German watchdog steps up monitoring of popular N26 online bank
An N26 card. Photo: Wikimedia Commons

Bafin’s announcement marks an escalation of previous warnings to the popular Berlin start-up, which has come under fire in the past for not properly verifying the identities of new customers.

“Bafin ordered N26 Bank GmbH to rectify deficiencies both in IT monitoring and in customer due diligence,” the regulator said in a statement.

N26 “is required to ensure that it has the adequate personnel, technical and organisational resources to comply with its obligations under anti-money laundering law,” it said.

A “special commissioner” would oversee the company’s efforts, Bafin added. Founded in 2013 and known for its transparent debit cards, digital bank N26 is one of Germany’s most high-profile financial technology or “fintech” firms and now has seven million customers in 25 countries.

Its rapid growth has rested in part on fast-track identity procedures for new customers.

READ ALSO: What is the digital German bank N26 that’s about to hit a million users?

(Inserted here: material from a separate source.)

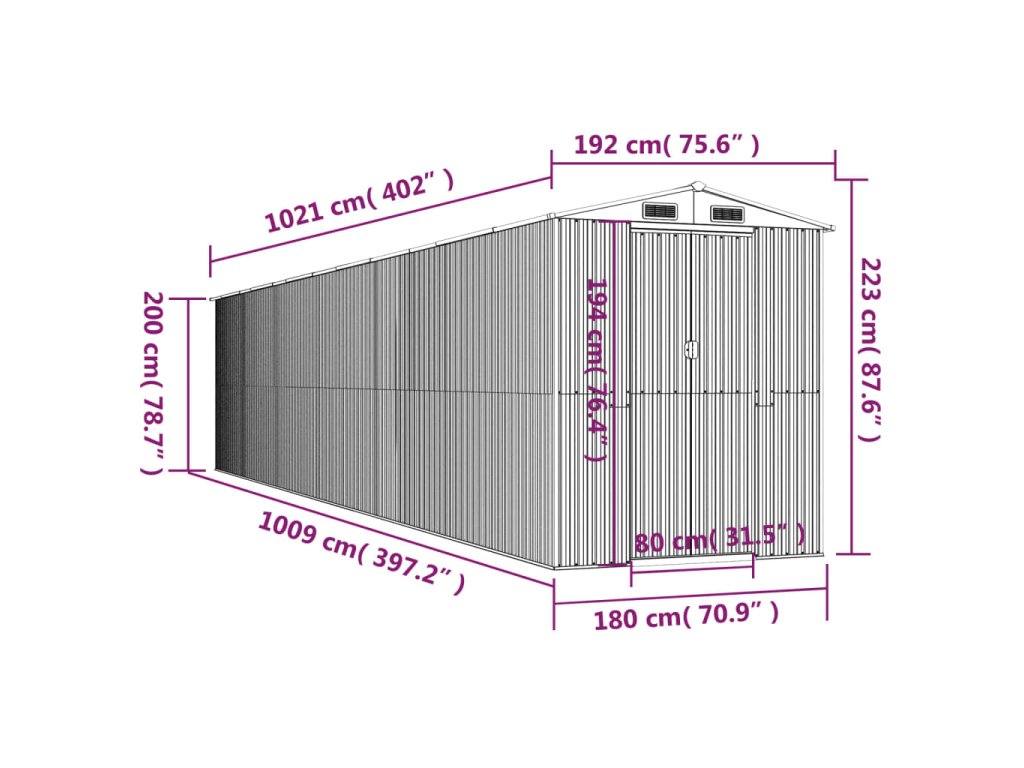 - Odolný materiál: Záhradný domček na náradie je vyrobený z pozinkovanej ocele, ktorá zabraňuje zhrdzaveniu a vydrží dlhodobé používanie.

In 2019, German business weekly WirtschaftsWoche said it had managed to open accounts using forged IDs.

N26 on Wednesday pledged to “work closely” with Bafin and the special representative.

It said it had already significantly increased measures to prevent money laundering in recent years, “but we recognise that more must be done in this area”.

The coronavirus crisis had contributed to a spike in fraudulent online transactions worldwide, N26 added, “increasing the demands placed on banks in the fight against crime”.